- [Your instructions]
Would you transcribe exactly the lines from the one containing "受疫情影響,特別是國外疫情仍" to the last line of the data below, both ends included, but none of the pictures?

- [Supplied material]

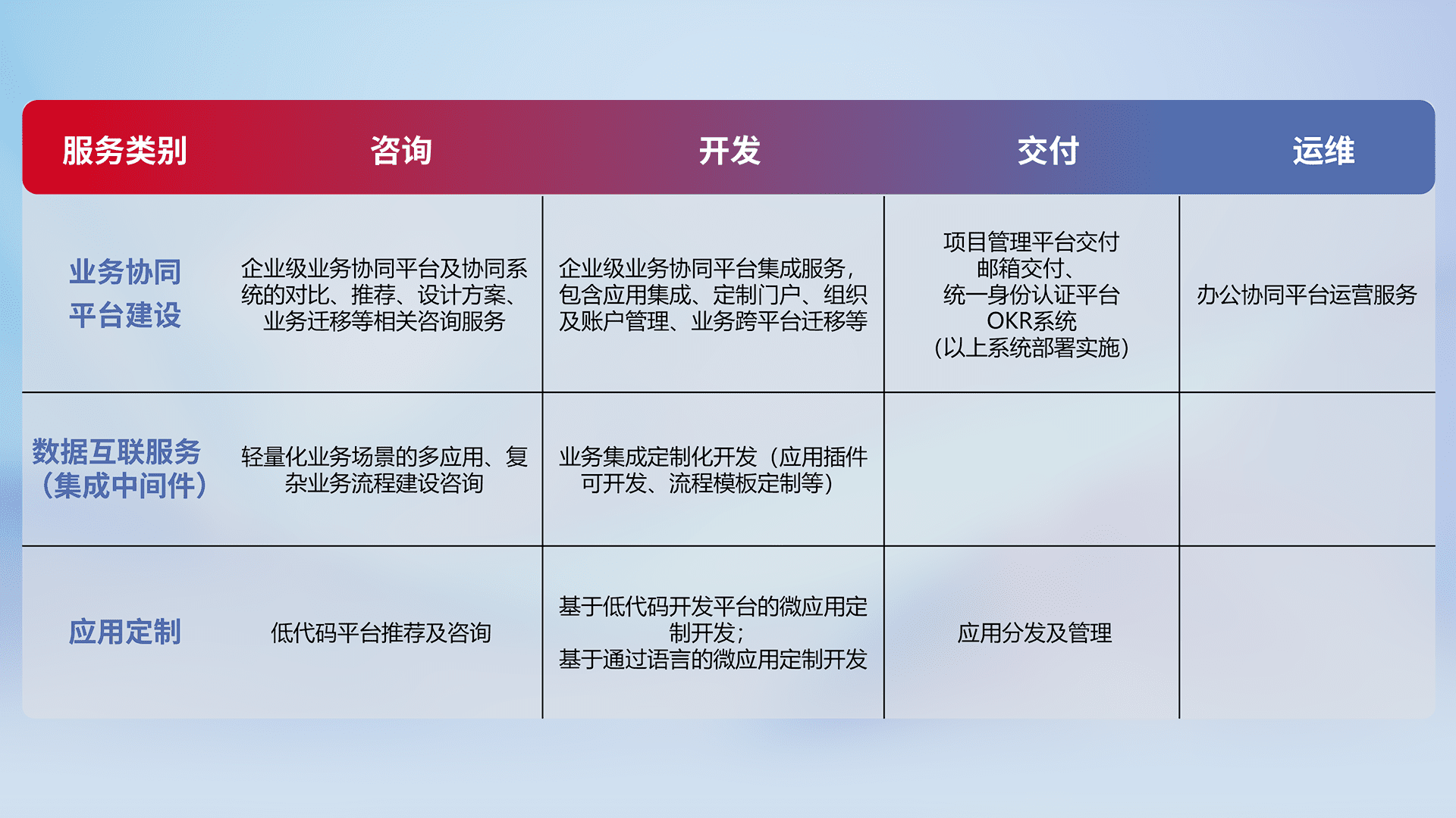 针对钉钉、、企微、、、IDaas等平台级产品提供产品的规划、、方案、、、、交付、、、定制化开发等服务,,,,实现如统一协同办公、、智能客户服务、、、、混合会议管理、、、、智能数据查询、、、等业务场景,,实现数字化转型。。
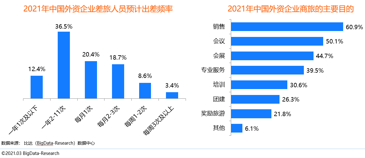 受疫情影響,特別是國外疫情仍然嚴重,我國外資企業差旅頻次下降明顯。調查結果顯示,2021年,外資企業差旅人員預計每年出差2-11次的占比最高,達36.5%,其次為每月1次,占比20.4%。而外資企業差旅人員商旅的主要目的是銷售,其次為會議、會展和專業服務等。
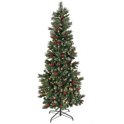 Green and White, 7FT Artificial Christmas Tree with 870 Branch Tips and Metal Stand , Christmas Decor for Home and Office
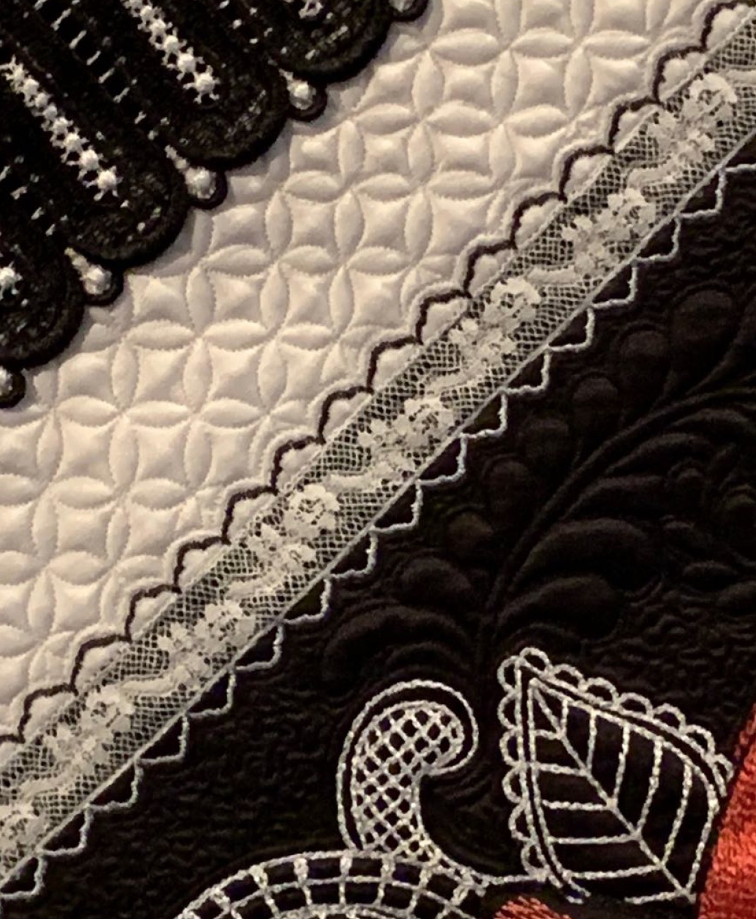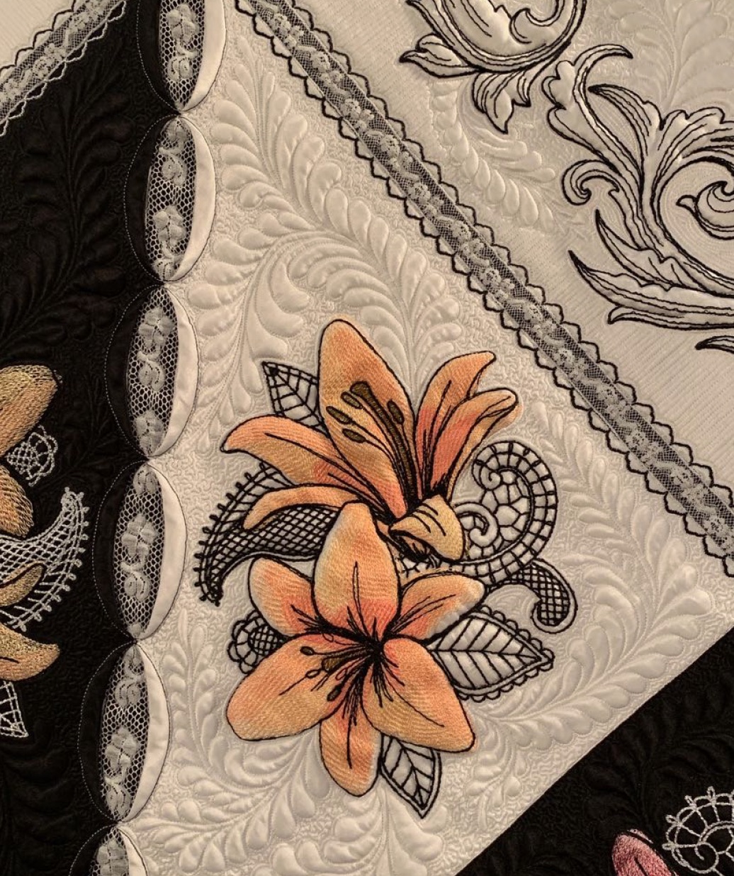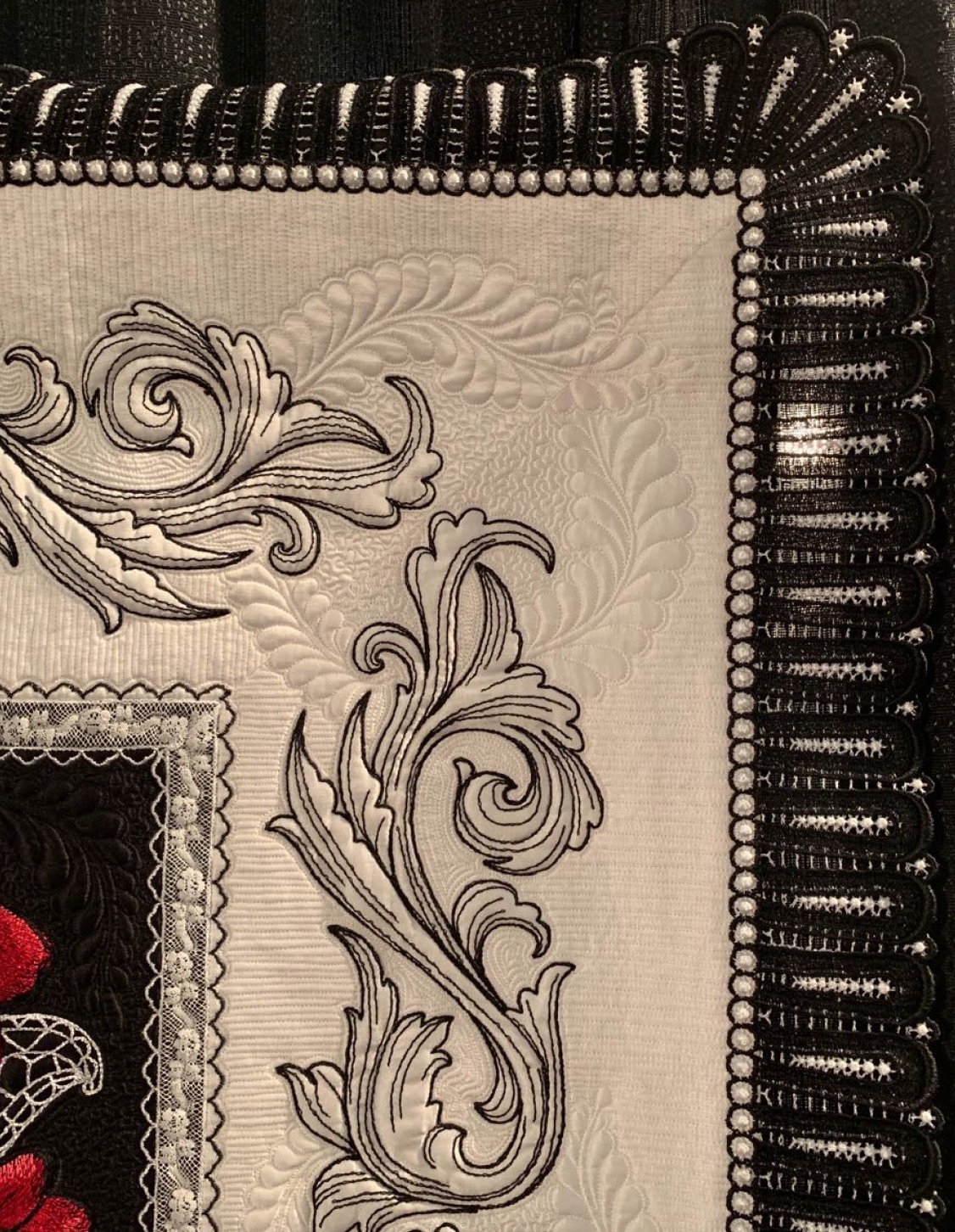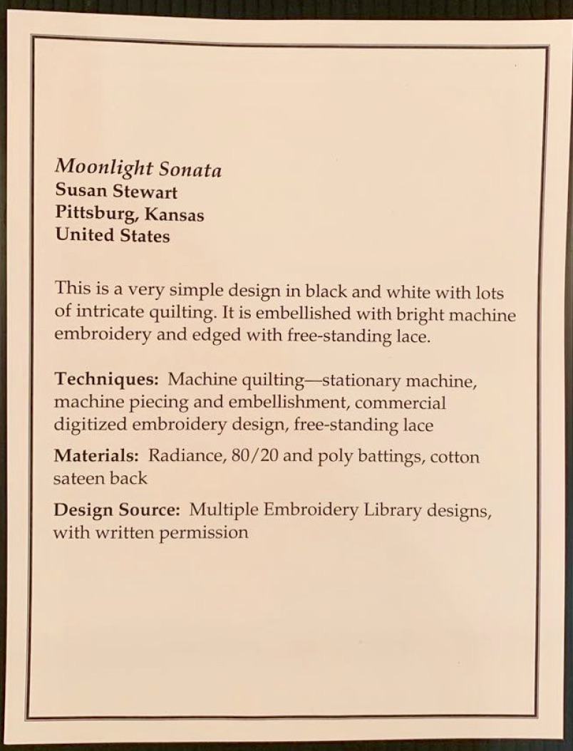 Susan calls her quilt, Moonlight Sonata, a "very simple design in black and white with lots of intricate quilting." Well, we have to agree about the quilting, but we are not so sure how simple it is. This elegant quilt also features machine embroidery and free-standing lace. And, we are still trying to figure out how she did the trim/binding on the quilt. Here are lots of photos for you to enjoy.

- [Response]
 受疫情影響,特別是國外疫情仍然嚴重,我國外資企業差旅頻次下降明顯。調查結果顯示,2021年,外資企業差旅人員預計每年出差2-11次的占比最高,達36.5%,其次為每月1次,占比20.4%。而外資企業差旅人員商旅的主要目的是銷售,其次為會議、會展和專業服務等。
 Green and White, 7FT Artificial Christmas Tree with 870 Branch Tips and Metal Stand , Christmas Decor for Home and Office
 Susan calls her quilt, Moonlight Sonata, a "very simple design in black and white with lots of intricate quilting." Well, we have to agree about the quilting, but we are not so sure how simple it is. This elegant quilt also features machine embroidery and free-standing lace. And, we are still trying to figure out how she did the trim/binding on the quilt. Here are lots of photos for you to enjoy.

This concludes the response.